Discontentment. It took a long time to recognize it, but by the time I had, it was already at home in my head. My new cognitive houseguest lurked in every corner - every annoyance seemed magnified, every passion was dampened. Even my health began to suffer.

I was unhappy, plain and simple.

The will to act

I'm a pretty complacent fucker. I'm not sure why I'm prone to cling to a harmful situation - I suspect it comes from a deep-seeded fear of change. It must be evolutionary for humans to crave routine and familiarity - even if it is familiarity with shit.

It's a feedback loop. The more miserable you are, the more bleak your situation appears, which makes you more miserable, and so on. I had to break the cycle.

It was slow going. What's the opposite of cold-turkey? "Warm-cow," maybe? I shuffled my feat by updating my resume, building a portfolio, etc. In reality, I was just buying time. Time before having to uproot. Time before having to change. But the closer I got, the more certain I was that it was the right thing to do.

The final hurdle

Life's sense of timing would be hilarious if it wasn't so goddamned inconvenient.

Once I had made up my mind to leave, a huge upset occurred at my agency. Several of the upper management in my department (including my boss) decided to exit, which presented me with a large promotional opportunity. Meanwhile, after a couple of interviews, I was offered the chance to join a small team working on some exciting products.

It's hard to focus on a new opportunity with a sumo wrestler-sized promotion taking up 90% of your field-of-view. As I hovered in indecision, I started gravitating toward the promotion. But the closer I got, the more unhappy I felt. "This is strange," I thought. "Shouldn't I be excited?"

It's important to listen to your feelings - they're often a couple of steps ahead of your brain. I spent a brooding weekend pondering my existential conundrum and arrived at a revelation: accepting the promotion was the easy route. It's obvious and predictable. I hadn't spent months fighting against my own complacency only to give up when presented with a big shiny carrot.

Life had coincidentally presented me with a final hurdle - a challenge to prove my worth. I needed to make a change, and it needed to be a hard choice because that's what makes it worth it. Change is unknown and the unknown is scary, but in this case, it was the right thing to do. For my sanity, my health, and my integrity.

All's well that ends...

So I took the jump - the "leap of faith." It sounds dramatic, but it really isn't. We're privileged to be living in a time where we can fret over such minor decisions.
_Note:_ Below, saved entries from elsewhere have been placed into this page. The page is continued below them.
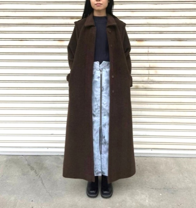 ヘリンボーン柄に仕立てたスーリーアルパカの毛足が特徴的なオーバーサイズのヴィンテージマシキコートをリサイズし、肩のタックやボタン等をリデザインしたアイテム。 アルパカは毛の色が多く生地を作る際に染色せずに原毛そのままの色で使える為、 エコでサスティナブルな素材となっています。 その中でスーリーアルパカは光沢感と滑らかさが特徴ですがデリケートな性質で繁殖が難しい為、希少な種になっています。 ロング丈でも軽さがありしっかりとした温かさのあるアイテムです。 Made in Japan Size…F(約9号) 総丈 後ろ中心 131cm 裄丈 80.5cm 身幅 52cm Material… 表地 アルパカ(スーリーアルパカ) 65% 毛 35% 裏地 キュプラ100% Color…ダークブラウン Washing Method… ・水洗いは出来ません。クリーニングをご利用下さい。 ・タンブル乾燥はお避け下さい。 ・アイロンは直接あてると毛足が倒れてしまうので、表側からアイロンを浮かしてスチームをあてるか、裏側から軽くアイロンをあてて下さい。 ※こちらは一点物の作品になっております。 他サイトでも取り扱いの為、ご購入の際に時間差で売り切れになってしまう場合もございます。 ラッピングは省き、残布を使って製作したエコバッグ又は巾着ポーチにお入れしてお送り致します。 商品により使用する残布の柄、色、大きさは変わります。 お手に取ってご覧頂く事が出来ませんので、ご不明な点がございましたらご質問下さいませ。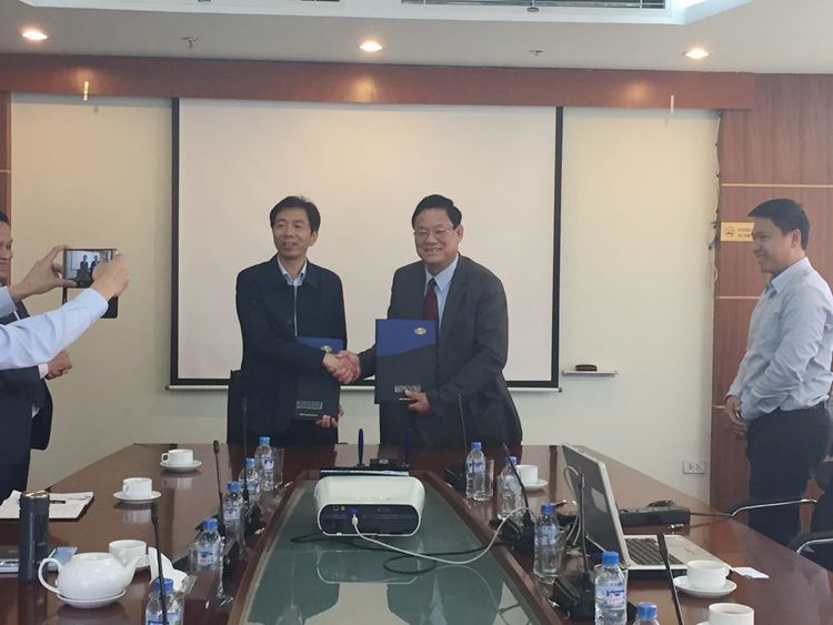 3月14日,江蘇華建和越南建筑及進出口公司框架合作協議簽訂儀式在越南首都河內舉行。江蘇華建董事長陸金龍、越南建筑及進出口公司殷董事長(LE DOANH YEN)簽署協議。華建聯盟成員單位華宇公司董事長孫金東、新加坡蘇揚公司總經理、老撾公司董事長封榮兵等參加儀式。
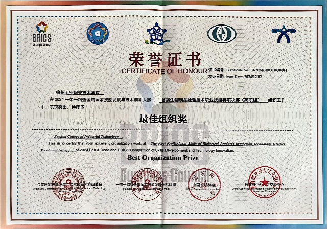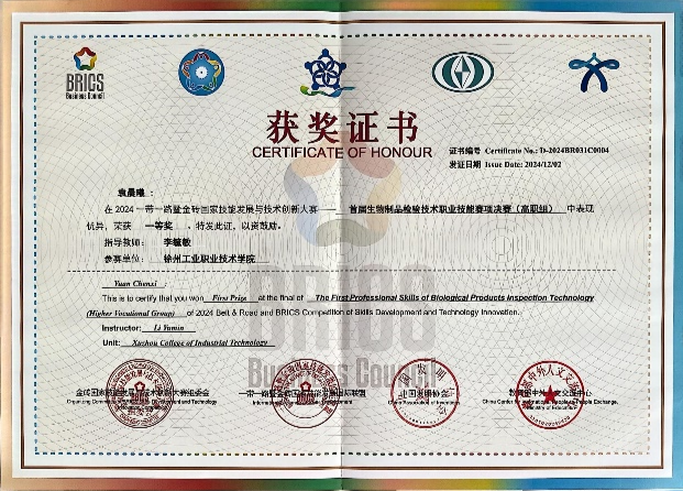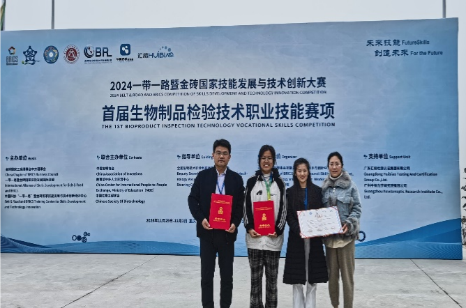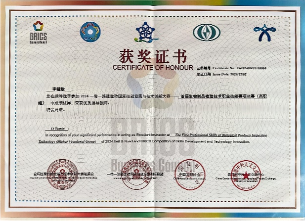 2024年“一带一路暨金砖国家技能发展与技术创新大赛”首届生物制品检验技术职业技能赛项总决赛于2024年11月29日—12月2日在重庆工贸捕鱼达人破解版 举办,化学工程捕鱼达人破解版 李毓敏、吴昊老师指导的药品生物技术专业2022级学生袁晨曦历经4天的激烈角逐,凭借着扎实的专业知识、精湛的实操技能、过硬的心理素质,在全国77所高职院校中脱颖而出,荣获一等奖(金奖),指导教师李毓敏荣获优秀指导教师荣誉,捕鱼达人破解版 被授予全国总决赛最佳组织奖。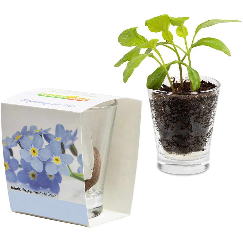 Bicchiere con terra e semi. Perfetto per coltivare in ufficio. Scegli tra un'ampia gamma di tipi di semi. La personalizzazione viene realizzata su una fascia di carta che viene posizionata intorno al bicchiere.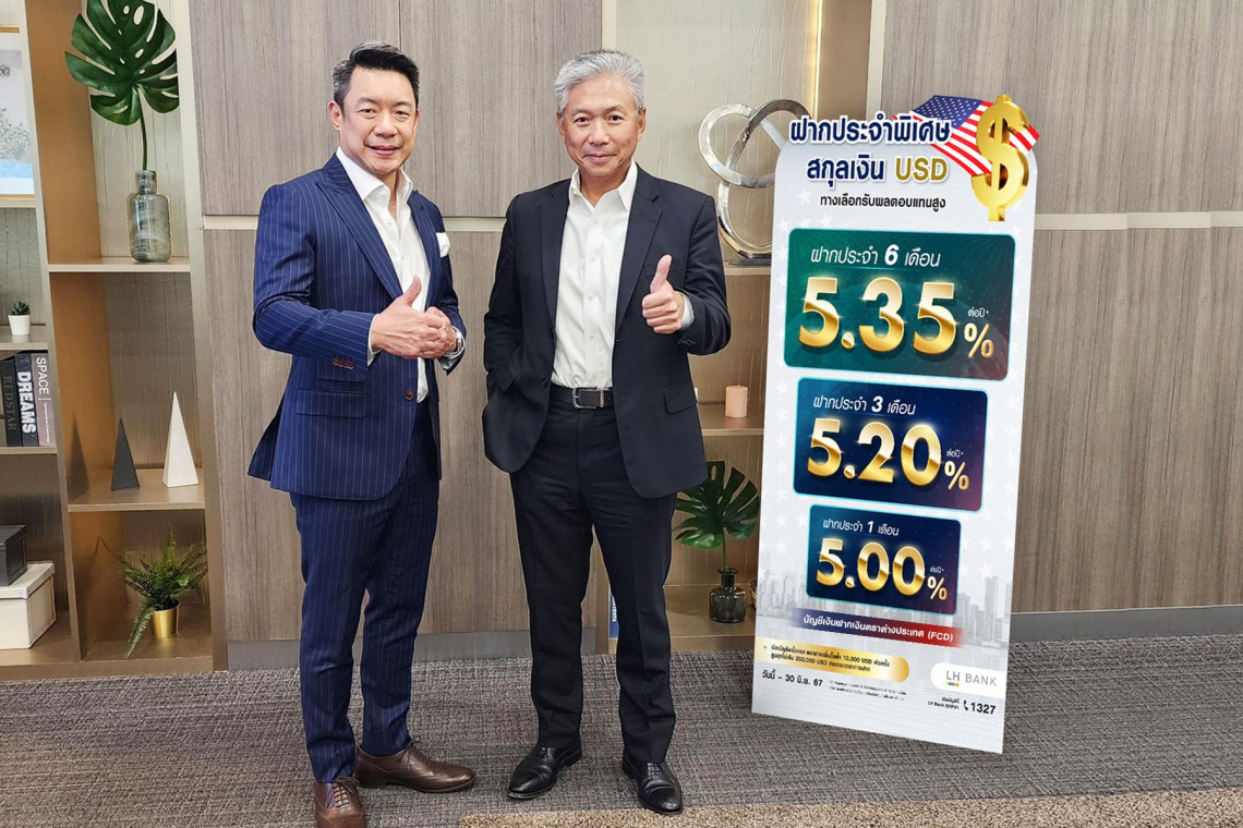 ธนาคารแลนด์ แอนด์ เฮ้าส์ จำกัด (มหาชน) หรือ LH Bank โดยนายฉี ชิง-ฟู่ ประธานเจ้าหน้าที่บริหารและกรรมการผู้จัดการ (ขวา) เปิดเผยว่า ธนาคารเดินหน้าพัฒนาผลิตภัณฑ์พร้อมมอบประสบการณ์ทางการเงินที่ตอบโจทย์ทุกความต้องการของลูกค้า ออกผลิตภัณฑ์เงินฝากประจำพิเศษเงินตราต่างประเทศ (FCD) สกุลเงิน US Dollar ชูดอกเบี้ยสูงสุด 5.35% ต่อปี สำหรับลูกค้าบุคคลธรรมดา ผู้ถือเงินสกุลดอลลาร์สหรัฐที่ต้องการรับผลตอบแทนสูงขึ้นเมื่อเทียบกับบัญชีสกุลเงินบาททั่วไป และมีความสนใจวางแผนการลงทุนผ่านบัญชีเงินฝากต่างประเทศ Foreign Currency Deposit (FCD) ด้วยอัตราดอกเบี้ยที่สูงโดนใจ เพื่อให้ลูกค้าสามารถวางแผนและสร้างโอกาสในการลงทุนด้วยสกุลเงินต่างประเทศ ท่ามกลางสภาวะการแข่งขันของตลาดทางการเงิน สกุลเงินต่างประเทศได้อย่างมีประสิทธิภาพ

The truth is, we should be making decisions every day to fight against complacency and improve life. Not just our own lives, but the lives of humanity. It's easy to ignore the shit. To acclimate to it, excuse it, even become dependent on it. We begin to protect it because it feels familiar. In reality, we're clinging to what is harming us.

Your shit could be external - mine was mostly internal. I was fighting against myself: my fears, my goals, and my needs.

What's your shit? What is society's shit? Our country's? Our species'? What are we allowing to continue because we're too afraid of the unknown?

Do what's scary - call it out, fight it, change it. Make shit better.